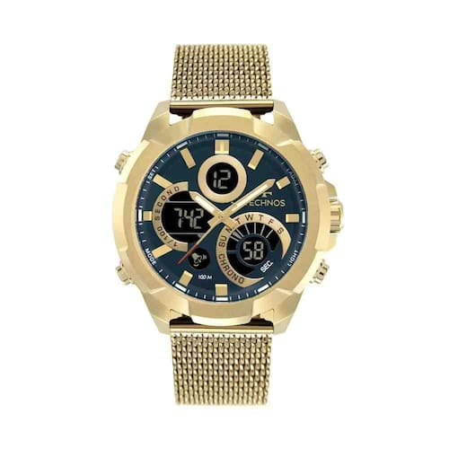 Estamos há mais de 50 anos no mercado oferecendo uma ampla variedade de acessórios, incluindo relógios e óculos de sol, com as melhores marcas e estilos. Além disso, a nossa equipe é treinada para oferecer um atendimento excepcional, garantindo que cada cliente seja tratado com o respeito e a atenção que merece.Realizando a compra, não deixe de nos avaliar Sua opinião é muito importante para aperfeiçoar cada vez mais o nosso trabalho.ESPECIFICAÇÕES TÉCNICAS- Marca: Technos- Linha: Digitech- Referência: W23721AAE/1A- Gênero: Masculino - Tipo de mostrador: Analógico e digital- Funções: Calendário digital; Cronômetro digital; Alarme; Timer; Aviso de hora cheia função chime ; Iluminação de fundo- Tipo de fecho: Dobrável- Cor da caixa: Dourado- Cor do mostrador: Azul-escuro- Cor da pulseira: Dourado- Material da caixa: Aço- Material da pulseira: Aço- Largura da caixa: 4,8cm- Espessura da caixa: 1,2cm- Resistência à água: 10 ATM 100m - : 12 meses Marca: Não Informado
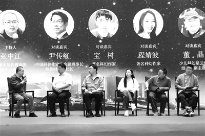 参与圆桌对话的有中国科普作家协会副理事长、科普时报社社长尹传红,全球华语科幻星云奖联合发起人、时光幻象公司总经理董晶,四川大学文学与新闻学院副研究员姜振宇,以及两位著名科幻作家宝树和程婧波。
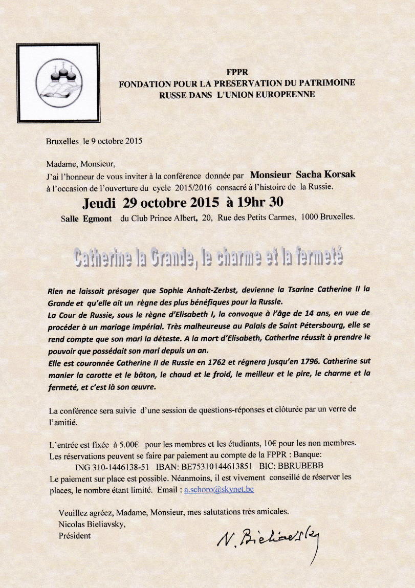 J’ai l’honneur de vous inviter à la conférence d’ouverture du cycle 2015/2016 consacrés à l’histoire de la Russie.
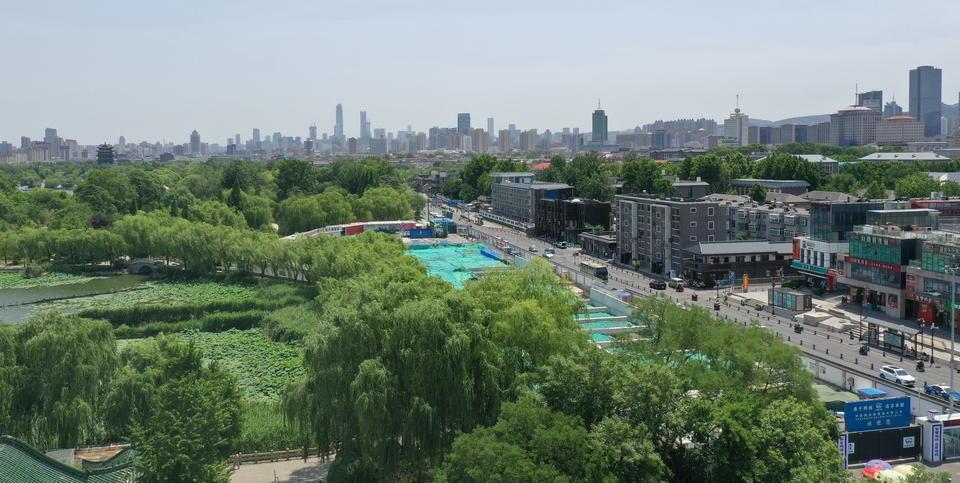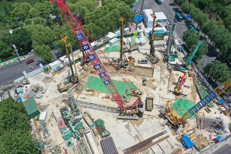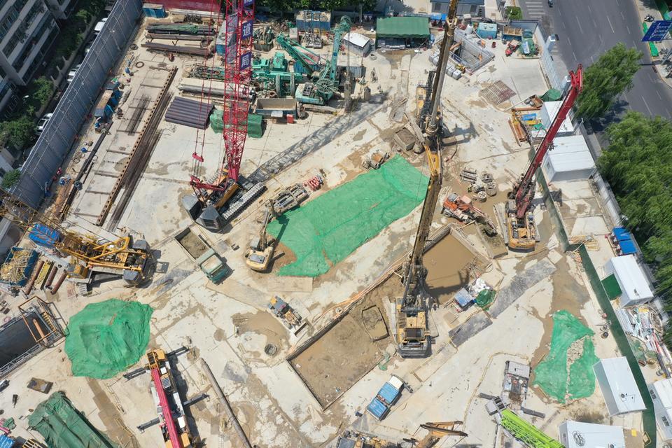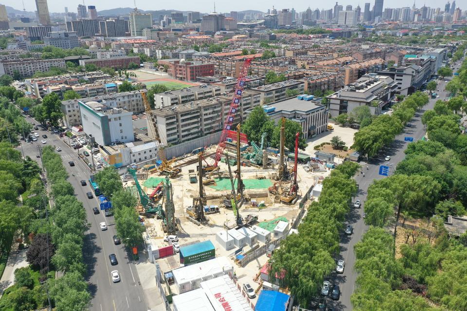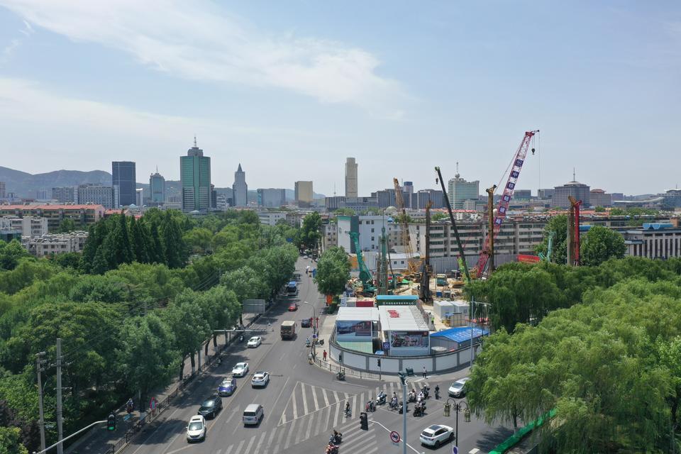 端午假日,航拍济南大明湖东南角的济南地铁6号线大明湖东站工地。 十几台大型机械正在施工,半年前还很安静的东湖大厦旧址一片繁忙。

+===+

- TASK REQUIREMENTS
Each line from the line containing "J’ai l’honneur de" through the last line above must be written out exactly, and every picture must be omitted.

- SOLUTION TO THE EXERCISE
 J’ai l’honneur de vous inviter à la conférence d’ouverture du cycle 2015/2016 consacrés à l’histoire de la Russie.
 端午假日,航拍济南大明湖东南角的济南地铁6号线大明湖东站工地。 十几台大型机械正在施工,半年前还很安静的东湖大厦旧址一片繁忙。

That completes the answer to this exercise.